It helps that this isn't happening just for PCIe; there's lots of breakthroughs that benefit (and may have originated with) other high speed links.
Optical PCIe would be hugely handicapped by lack of a standard optical PCB construction method. You'd have to print waveguides onto the PCB. And then it stops working if you get dust in the socket.

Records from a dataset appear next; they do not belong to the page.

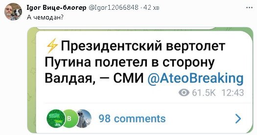 Как там тревожные чемоданы Z-патриотов и куда валить? У бункерного уже все заполнены и сильно воняют. Беларусы должны не упустить свой шанс. Картофельный уже обосрался тоже. Пора и вам жить свободно, вы свободный народ не ровня Z-патриотам.
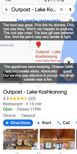 Read moreI went for the first time because my Oldest Son was one of the line cooks tonight & it was Friday Fish Fry. I brought the whole Family. We had great service. We came while it was somewhat early. Started inside but it is to loud for conversations, so we moved outside. The place is nice. Servers are absolutely attentive & wonderful. We had five fish fry dinners. One cod, one perch & three blue gill. Of five fish dinners only one was slightly fishy. Which if you have cooked at home. Fresh fish or frozen fish, it can happen to anyone. Everyone was really happy, had a great time and will definitely pop in again. Their appetizers are perfect. If you want a nice sit by the fire and chat with friends. Their outdoor dining, appetizers and drinks would be the perfect calm evening. The place was busy, yet calm. You need to try the cheese curds & mozzarella sticks if you eat that type of food. They had that...
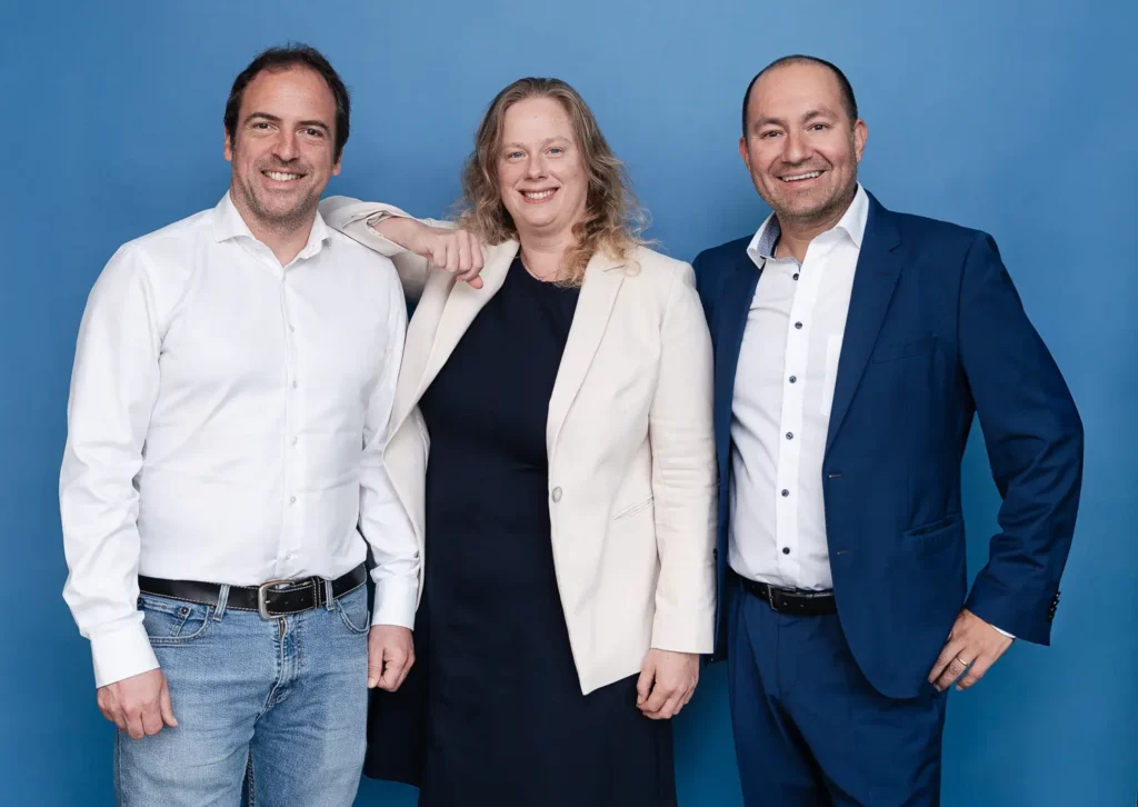 Dr. Vasko Kramer, Dr. Anne Berking and Dr. Alejandro Rojas stehen gemeinsam vor einem blauen Hintergrund und lächeln in die Kamera.
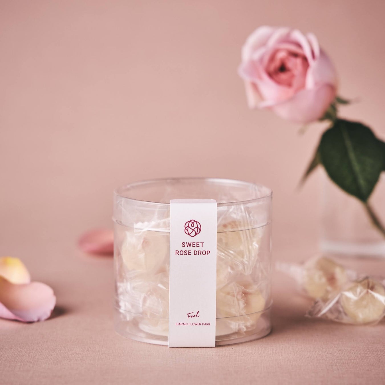 無農薬で丁寧に育てられたバラを朝摘みして一粒一粒、中心にバラのジャムを練りこんだ、いばらきフラワーパークオリジナルのキャンディドロップ。バラの豊かな香りと上品な味わいがやみつきに。
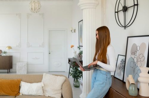 Проходная зона и коридор получились довольно тесными. Входная дверь осталась прежней, но установили панель светло-розового оттенка. Градиентный эффект на стенах был создан с помощью краски — дизайнер выполняла эту работу самостоятельно.
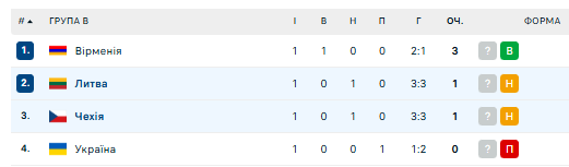 Таким образом, после первого тура Украина идет на последнем месте турнирной таблицы, а возглавляет группу Армения.
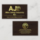 An elegant timber wood cover is accentuated by a gold handyman tools border line near the base of the card. At the top is your monogram name initials with a gold electric saw logo you can use. Just below this lies the business name and the contact details.
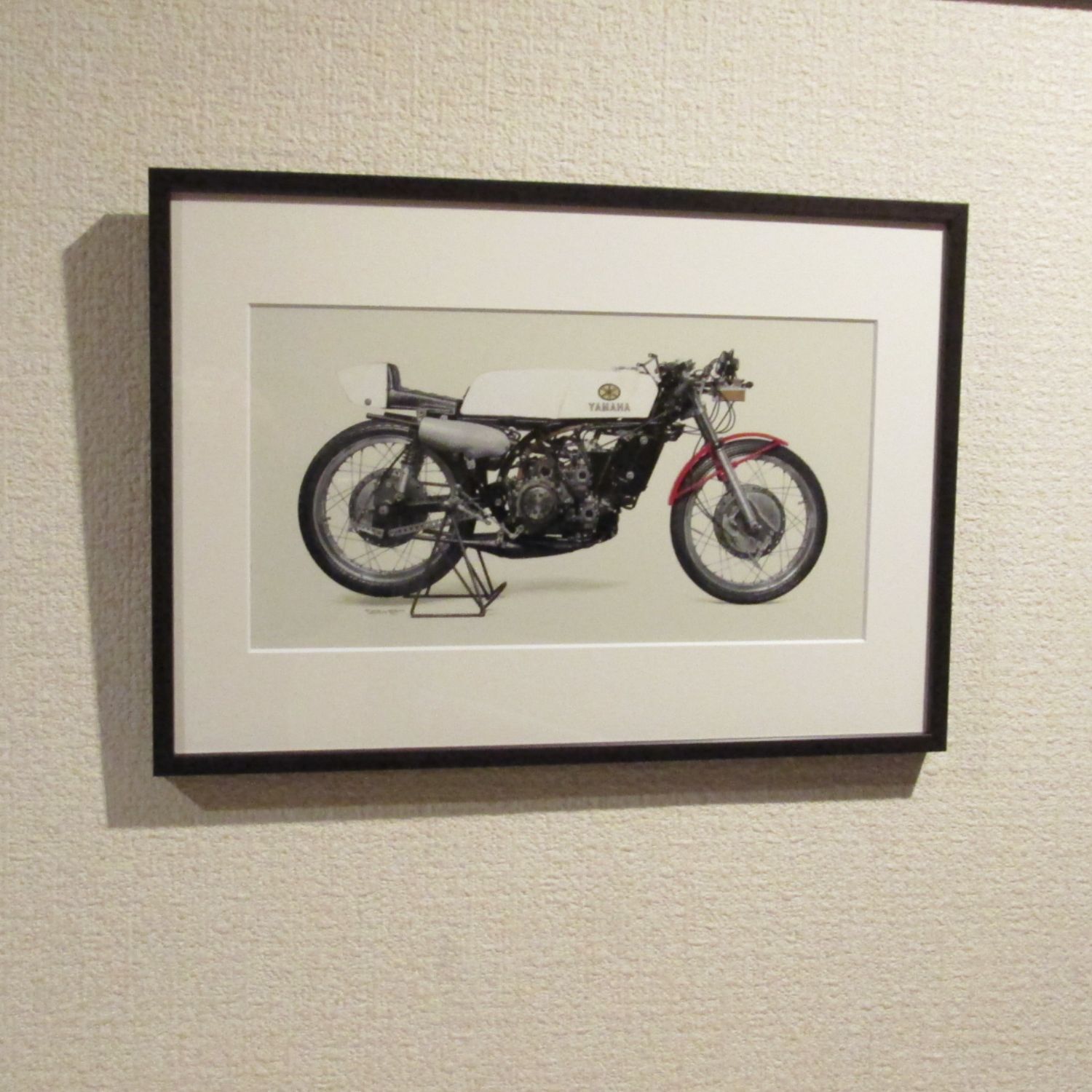 こちらは車格に合わせて少し小さめのフレームを使用、額装マットを入れる事で奥行きが出て品位がグッと上がりますね。 車体の前後端と上下端に対して額装マット開口部との隙間をどの位に取るか、そのバランスが難しいですが、先に掲載した黄色のマシン共々、以前本田コレクションホールで販売されていたものを参考として、寸法決めをしました。 次はスズキとカワサキのレーシングマシンを額装します。
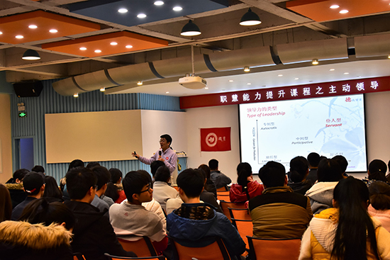 “职慧”公益项目核心发起人、清华大学自动化系博士、美国威斯康星大学化学工程系博士后梁旻,结合自己在微软、爱立信、美国Crossbow、慧点科技等公司就职经历,对我校各学院及首届创业先锋班的近900名学生开展了时间管理、克服拖延、团队合作、职场礼仪、有效沟通和主动领导为核心内容的六场专题培训。
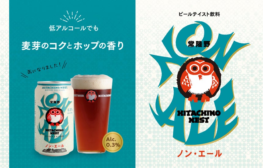 弊社では2003年より0.3%アルコールの低アルコール飲料「常陸野ネスト ノン・エール」330mlを製造してまいりましたが、近年の低アルコール飲料需要の増加に伴い、新たな増産体制のもと、350ml缶で発売いたします。
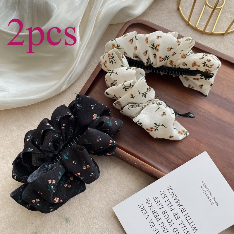 TEMU 2개 빈티지 플로럴 바나나 클립 - 미끄럼 방지 그립 대용량 헤어 클로, 여성용 레트로 스타일 헤어 액세서리, 태슬 디테일이 있는 우아한 디자인, 데이에 완벽한 여성용 헤어 액세서리, 데이 선물, 헤어 클립, 미끄럼 방지 그립 클립, 바나나 헤어 클립, 여성용 작은 클립
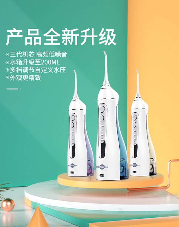 目前国内的水牙线的制造难度就在于压缩体积的情况下如何制造出超大水压,一般来说喷出5米的水牙线已经很给力,这次推荐的博皓电动冲牙器,喷射距离高达7米!不仅如此,甩开了水槽储水,这次推荐的是便携性的,每天中午、下午吃饭后就可以随时冲牙。
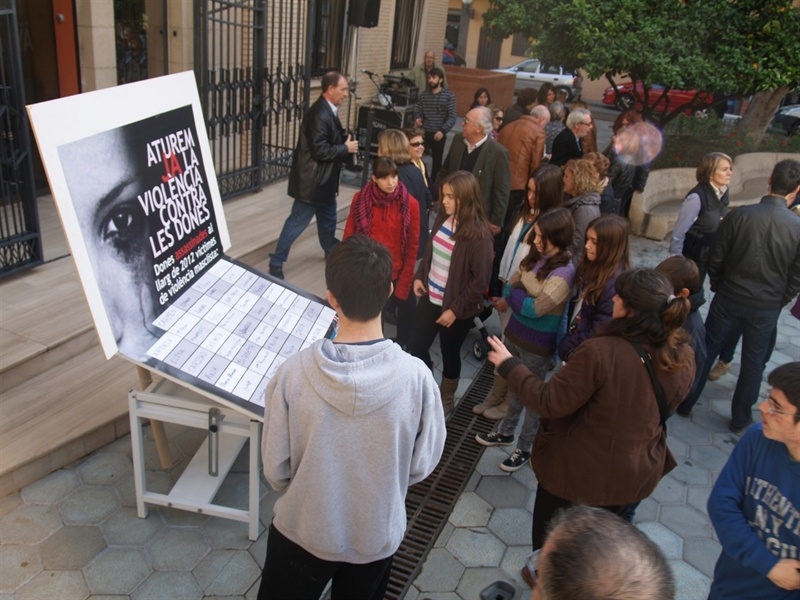 Anualment i al voltant del 25 de novembre, dia internacional contra la violència de gènere, l'Ajuntament organitza tot un seguit d'activitats per tal d'aportar el seu esforç en l'eradicació d'aquesta lacra social que suposa la violència contra les dones.Aquestes imatgses corresponen al divendres 23 de Novembre, a les 10'30 hores, a la porta de l'Ajuntament de Picanya on tingué lloc la tradicional concentració i acte homenatge a les víctimes de la violència de gènere amb la lectura dels noms de les dones assassinades durant 2012.
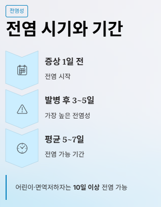 | 전염 기간 | 증상 1일 전 ~ 증상 후 3~5일 이상 |
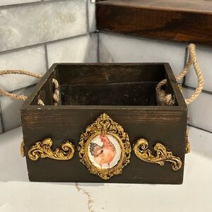 Hand painted 6” x 3.25” wooden box. Small clay pictures of chickens/Roosters. Rope handles. Can be used as a planter, decorative box to hold eggs on your counter and many more uses. Plants, eggs not included. Come with plastic lining.
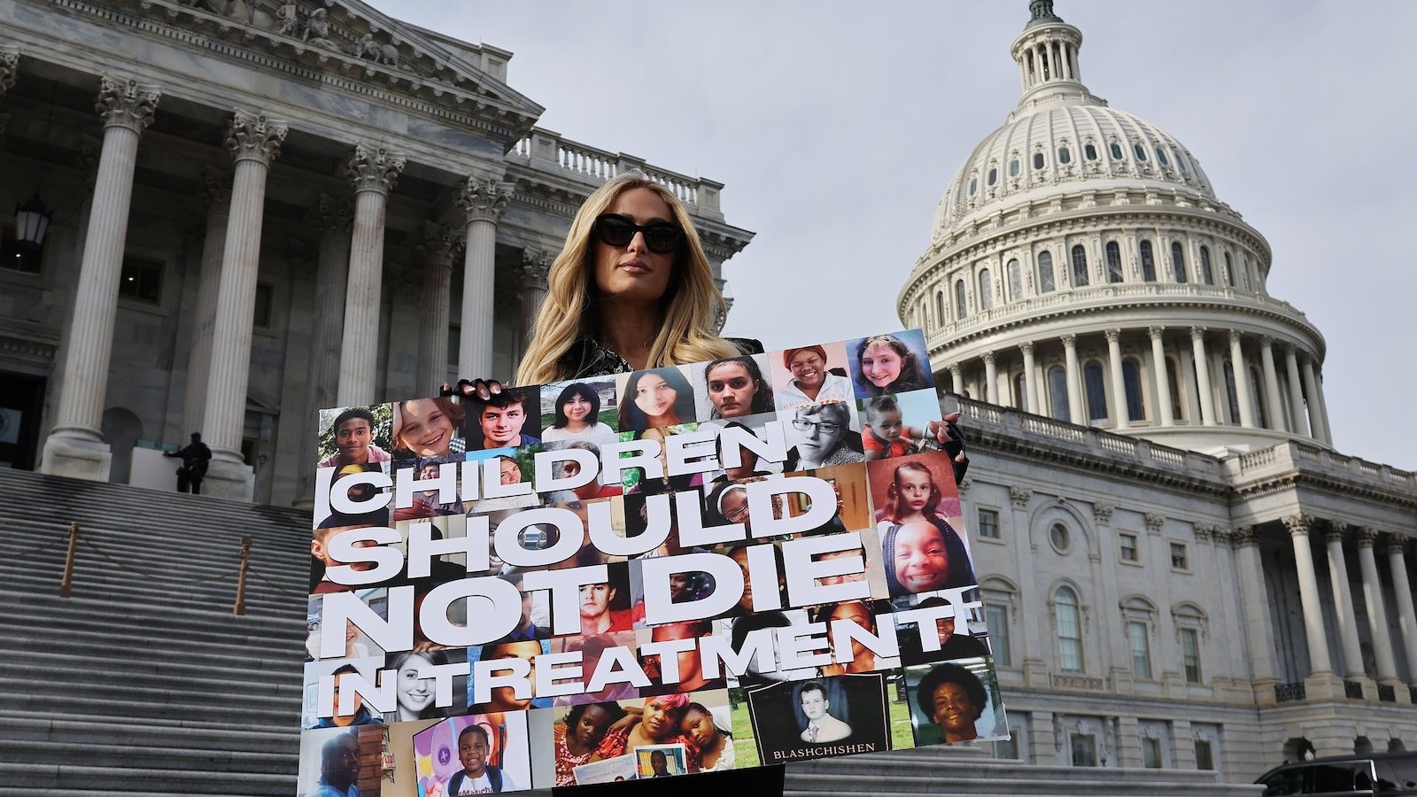Paris Hilton is photographed outside the US Capitol on December 17, 2024 in Washington, D.C., the day the House of Representatives will vote on the Institutional Child Abuse Act.
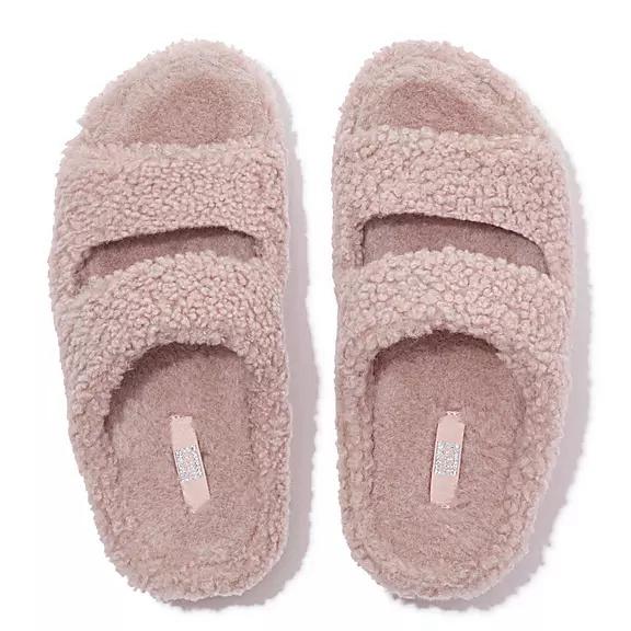 FitFlop Women's SHUV Two-Bar Shearling Slides - Soft Pink (OIPRD-1048)

Multimedia is the driving force behind increased data usage, and I think we'll continue to need more throughput until we no longer get any benefits from higher resolutions (aka when we have substantially more pixels than rods and cones in our eyes). At the moment a phone with a 4K display saturates your eyes at any distance greater than 2 feet from your face. I think a 16x PCIe 4.0 link will likely provide more than enough bandwidth to generate fully immersive VR experiences, so the question then becomes... why and when will we need optical PCIe 5.0 to quadruple the datarate of PCIe 4.0...
There are advantages of optics including that light moves faster than electrons (important for HPC where the figure of merit is latency in us between nodes, etc) and typically has higher fidelity. But the size of these structures is orders of magnitude larger than conventional semiconductors.
Both for power consumption and EMC reasons you want to minimize the maximum slew rate of the signal on the link (and thus the voltage) while on the same hand you need the voltage to stay large enough so that the receiver (which is for all purposes an analog design) can be implemented in widespread digital CMOS processes.
On the other hand both conventional parallel PCI and conventional (<=2.0) USB is limited by physical factors, which is in both cases the physical length of the link/bus and propagation velocity of the used wires (ie. speed of light divided by some small-ish constant). In both these standards this limit was intentionally introduced by Intel as cost reducing measure (in PCI's case this means that motherboard does not have to contain about 60 or so discrete resistors, real impact on cost of USB's implementation is somewhat questionable).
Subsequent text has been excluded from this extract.